Addison G. Allen

Addison graduated with her Masters degree from the Lanier Lab in 2021. Addison’s research focused on the role of forest fires in shaping the small mammal community in the greater Yellowstone ecosystem. She used isotope analysis of hairs from museum study skins to study the dietary contributions of carbon and nitrogen in the diets of the two regionally dominant small mammal species (the red-backed vole Myodes gapperi and the deermouse Peromyscus maniculatus) throughout different fire succession stages. Overall, Addison is interested in the ecological effects of competition (using isotopic niche spaces) and resource availability to understand the dynamics of change in small mammal communities.

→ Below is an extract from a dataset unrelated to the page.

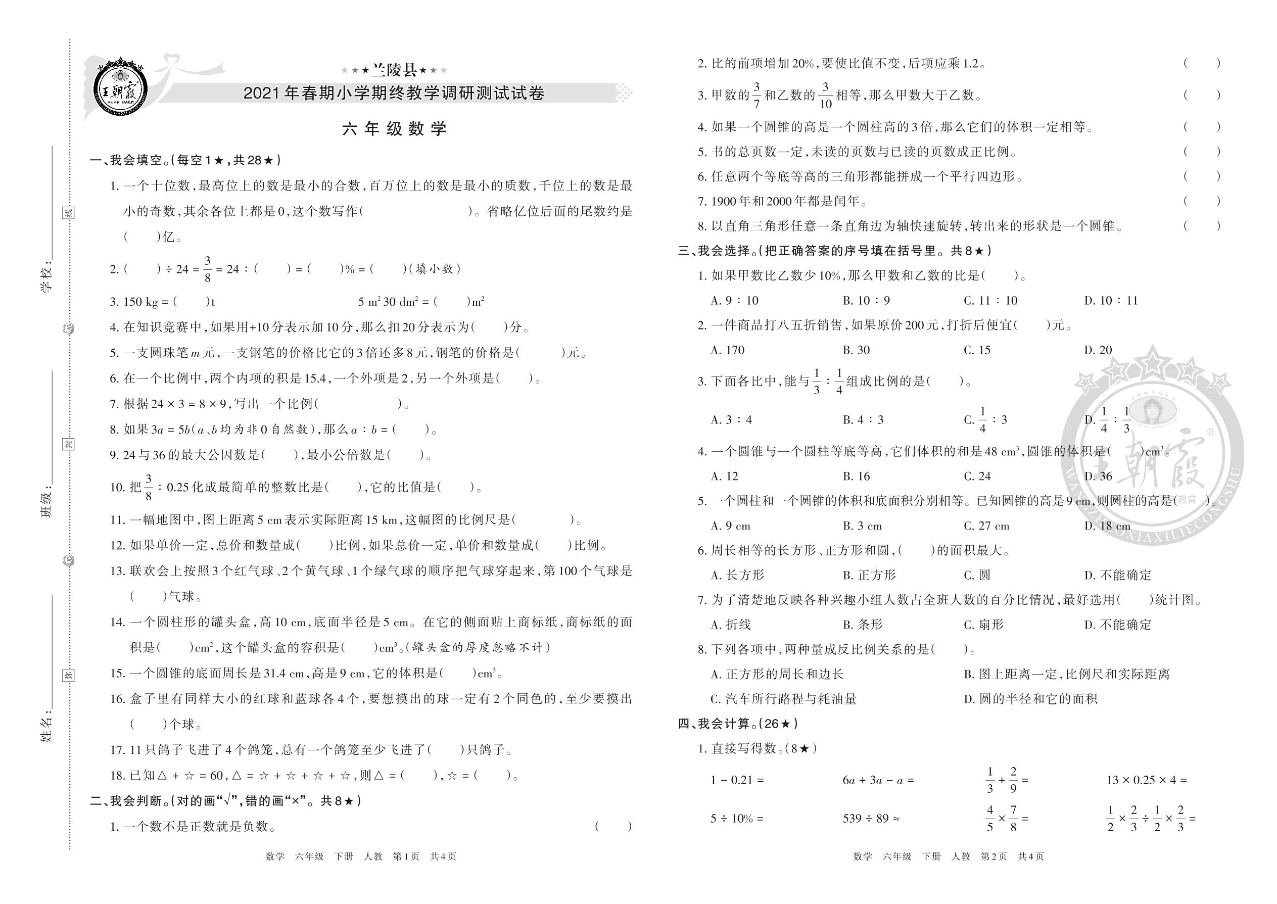 兰陵县2021年春期小学期终教学调研测试试卷六年级数学(人教版)

Addison got her start in science as an undergraduate assistant in the mammalogy department, where she first became interested in research. During that time, she went on collection trips with the mammalogy department investigating the geographic range of the Texas kangaroo rat in the desert scrub of southwest Oklahoma, where it was last spotted in 1969. During those years, Addison worked in multiple positions at the museum, and she was alsoinvolved in herpetology and entomology collection trips while she continued working in the mammalogy department. Addison joined the Lanier Lab as an undergraduate researcher in the fall of 2017, working on a project in Yellowstone focused on fire-related shifts in deermice (Peromyscus maniculatus), a species resilient to ecological disturbance. Work on grids initially established after the 1988 Yellowstone fires have provided a long-term dataset on post-fire succession in ecosystem ecology, including data on small mammal and invertebrate communities along with microhabitats and vegetation. She participate in the 2018 field season in Yellowstone and became a Masters student in Fall 2018, continuing her research. In 2020 she was awarded an honorable mention for the NSG Graduate Research Fellowship Program.